Jingning Han [Wed, 8 Jun 2016 00:54:20 +0000 (17:54 -0700)]
Trellis based adaptive quantization
This commit combines uniform quantizer with trellis based coefficient
level optimization. It improves the codebase compression performance:
lowres 0.8%
midres 1.0%
hdres 1.6%
Note that the current trellis optimization unit is using C code. This
will make the cost of the overall quantization process slower. A number
of optimizations will come up next.
Sarah Parker [Tue, 10 May 2016 22:32:42 +0000 (15:32 -0700)]
Move new quant experiment from nextgen
This experiment implements non-uniform quantization where
the width of the bins increases gradually to more closely
match a laplacian distribution of the coeficcients.
Jingning Han [Wed, 8 Jun 2016 16:49:03 +0000 (09:49 -0700)]
Remove swap buffer speed feature
The inter prediction residual can undergo different transform types
during the rate-distortion optimization search. The assumption used
in this speed feature no longer holds true. This commit removes the
related code to clean up the codebase and clear out unit test
failure in higher speed setting.
Jingning Han [Mon, 6 Jun 2016 21:58:50 +0000 (14:58 -0700)]

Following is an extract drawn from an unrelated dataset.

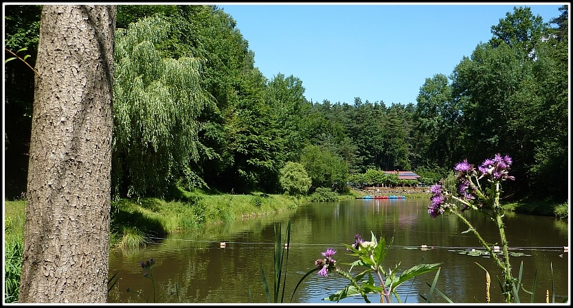 von dem es noch etwa 5 min. Fußweg zum Paddelweiher sind.

Rework the tx type speed feature
This commit re-works the transform type speed feature. It moves
the transform type selection outside of the coding mode loop. This
avoids repeated motion search if the best prediction mode is
chosen as NEWMV. It improves the speed performance for clips that
contain more motion activities.
For mobile_cif at 1000 kbps, this makes the baseline encoding 7%
faster and makes the encoding with dynamic motion vector referencing
scheme enabled 10% faster.
Zoe Liu [Fri, 3 Jun 2016 23:03:00 +0000 (16:03 -0700)]
Fix a RD performance bug in bipredictive frames
This patch will make sure the use of the BWDREF_FRAME for the
encoding of both the two types of bipredictive frames, namely
LAST_BIPRED_UPDATE and BIPRED_UPDATE. To realize it, the
updates on the cpi->ref_frame_flags have been moved to before
the encoding of one frame, instread of originally handled after
the encoding of one frame.
RD performance has been improved slightly, approximately by 0.17%
compared to before the applying of this patch:
Geza Lore [Tue, 7 Jun 2016 16:02:03 +0000 (17:02 +0100)]
Zero segment counter before accumulating.
The segment counts are computed as part of packing the bitstream,
so they might have been computed already in the recode loop. Zero
the accumulator to avoid double counting.